_Data extract_
■ ■ ■
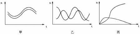 14.下图中的3图分别表示两种生物种群随时间推移而发生的数量变化。那么,甲、乙、丙3图表示的关系依次是 ( )
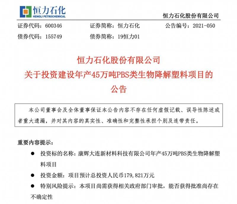 其中,公司下属公司康辉大连新材料科技有限公司拟投资17.98亿元建设年产45万吨PBS类生物降解塑料项目。公司表示,该项目能有效扩大公司可降解新材料板块的产能和规模,提高可降解塑料市场占有率。该项目达产达效后,预计可实现年销售收入100.58亿元,年均利润总额20.16亿元。
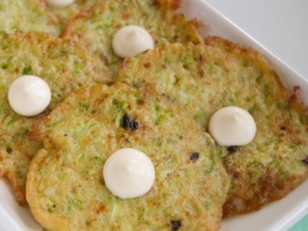 Если кабачки не очень молодые – очистить кожицу. Кабачки натереть на терке, посолить, дать постоять минут 5, слить образовавшийся сок и отжать. Добавить яйца, муку, хорошо перемешать.Жарить оладьи на сковороде на подсолнечном масле, выкладывая ложкой.
■ ■ ■
The output should be the material above, copied exactly, without its pictures.

_Written solution_
 14.下图中的3图分别表示两种生物种群随时间推移而发生的数量变化。那么,甲、乙、丙3图表示的关系依次是 ( )
 其中,公司下属公司康辉大连新材料科技有限公司拟投资17.98亿元建设年产45万吨PBS类生物降解塑料项目。公司表示,该项目能有效扩大公司可降解新材料板块的产能和规模,提高可降解塑料市场占有率。该项目达产达效后,预计可实现年销售收入100.58亿元,年均利润总额20.16亿元。
 Если кабачки не очень молодые – очистить кожицу. Кабачки натереть на терке, посолить, дать постоять минут 5, слить образовавшийся сок и отжать. Добавить яйца, муку, хорошо перемешать.Жарить оладьи на сковороде на подсолнечном масле, выкладывая ложкой.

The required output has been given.